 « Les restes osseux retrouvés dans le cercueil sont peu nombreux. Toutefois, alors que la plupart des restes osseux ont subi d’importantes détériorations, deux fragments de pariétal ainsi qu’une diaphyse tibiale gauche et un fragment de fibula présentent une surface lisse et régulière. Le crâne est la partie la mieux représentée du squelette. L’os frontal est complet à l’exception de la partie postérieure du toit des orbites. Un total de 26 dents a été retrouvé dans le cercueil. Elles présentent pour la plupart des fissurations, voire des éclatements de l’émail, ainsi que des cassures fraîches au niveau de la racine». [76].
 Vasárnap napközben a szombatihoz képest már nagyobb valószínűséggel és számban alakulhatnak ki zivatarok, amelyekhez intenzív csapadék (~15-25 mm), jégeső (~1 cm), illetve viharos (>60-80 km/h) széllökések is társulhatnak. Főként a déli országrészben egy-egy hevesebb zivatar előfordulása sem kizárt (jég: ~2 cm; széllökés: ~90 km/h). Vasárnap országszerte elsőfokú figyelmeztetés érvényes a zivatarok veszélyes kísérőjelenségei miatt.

---

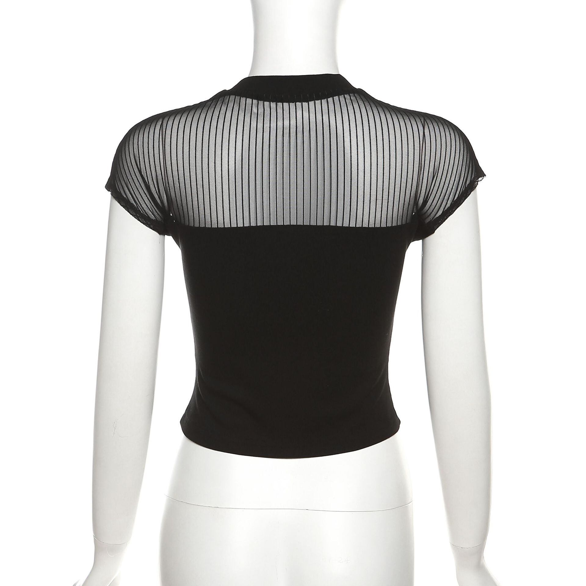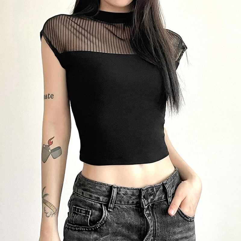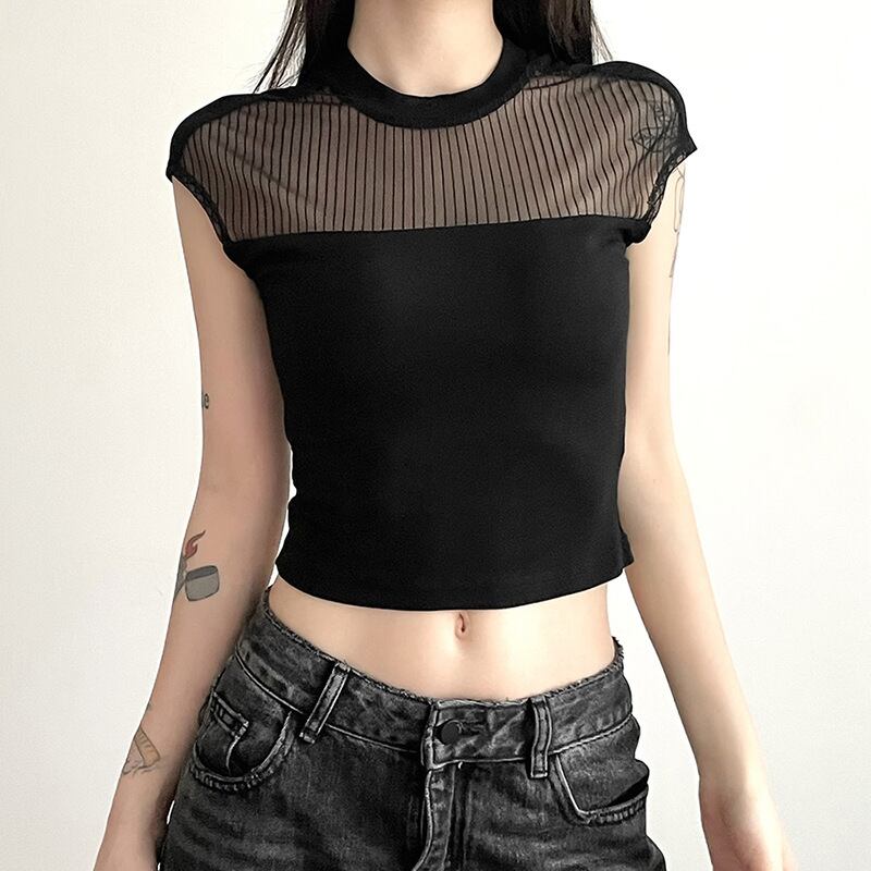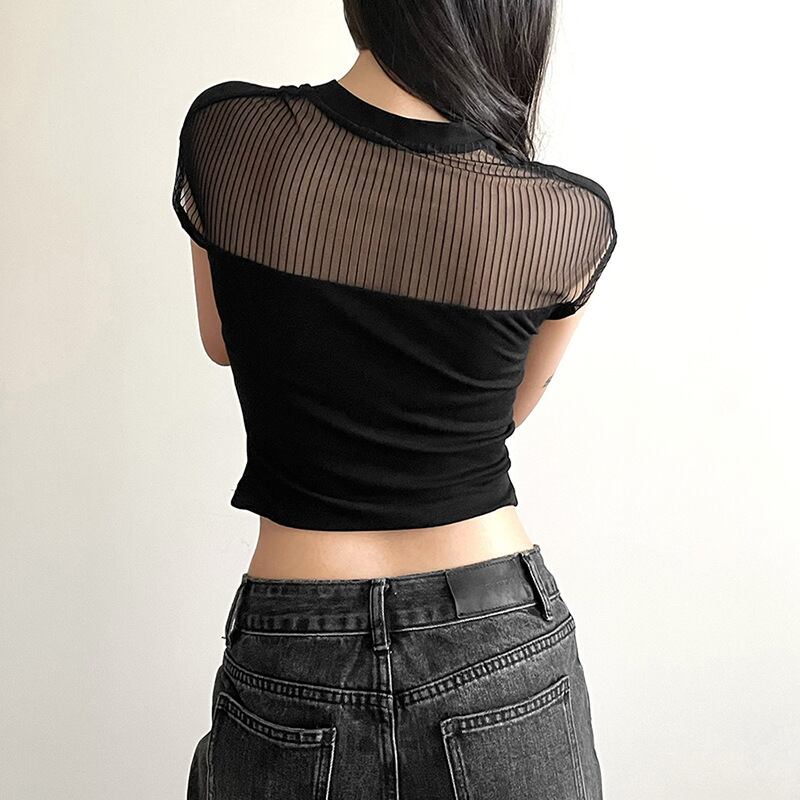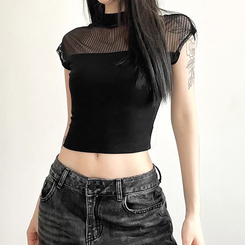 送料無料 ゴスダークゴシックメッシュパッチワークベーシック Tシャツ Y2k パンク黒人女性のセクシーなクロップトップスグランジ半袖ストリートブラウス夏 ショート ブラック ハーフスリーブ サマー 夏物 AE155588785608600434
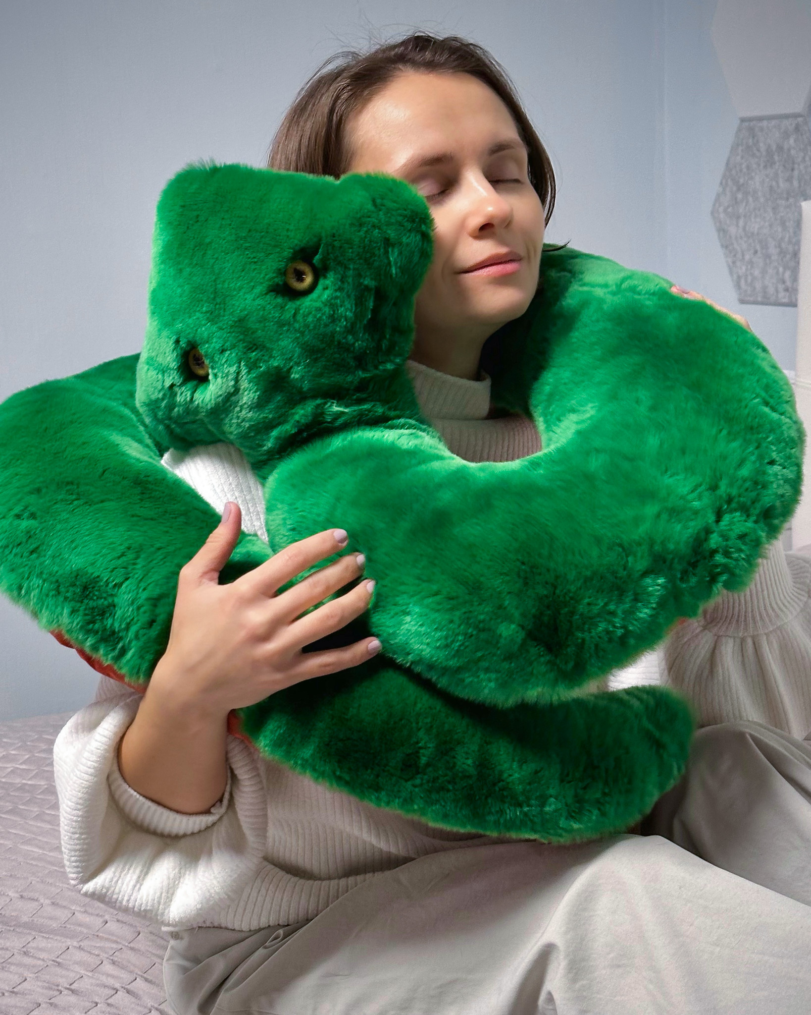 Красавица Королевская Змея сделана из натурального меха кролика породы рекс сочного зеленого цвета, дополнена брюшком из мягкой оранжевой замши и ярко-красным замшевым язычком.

▶ [Task goal]
Could you restate, word for word, the lines above from the one with "Les restes osseux" to the one with "Vasárnap napközben a", both included?

▶ [Solution to the exercise]
 « Les restes osseux retrouvés dans le cercueil sont peu nombreux. Toutefois, alors que la plupart des restes osseux ont subi d’importantes détériorations, deux fragments de pariétal ainsi qu’une diaphyse tibiale gauche et un fragment de fibula présentent une surface lisse et régulière. Le crâne est la partie la mieux représentée du squelette. L’os frontal est complet à l’exception de la partie postérieure du toit des orbites. Un total de 26 dents a été retrouvé dans le cercueil. Elles présentent pour la plupart des fissurations, voire des éclatements de l’émail, ainsi que des cassures fraîches au niveau de la racine». [76].
 Vasárnap napközben a szombatihoz képest már nagyobb valószínűséggel és számban alakulhatnak ki zivatarok, amelyekhez intenzív csapadék (~15-25 mm), jégeső (~1 cm), illetve viharos (>60-80 km/h) széllökések is társulhatnak. Főként a déli országrészben egy-egy hevesebb zivatar előfordulása sem kizárt (jég: ~2 cm; széllökés: ~90 km/h). Vasárnap országszerte elsőfokú figyelmeztetés érvényes a zivatarok veszélyes kísérőjelenségei miatt.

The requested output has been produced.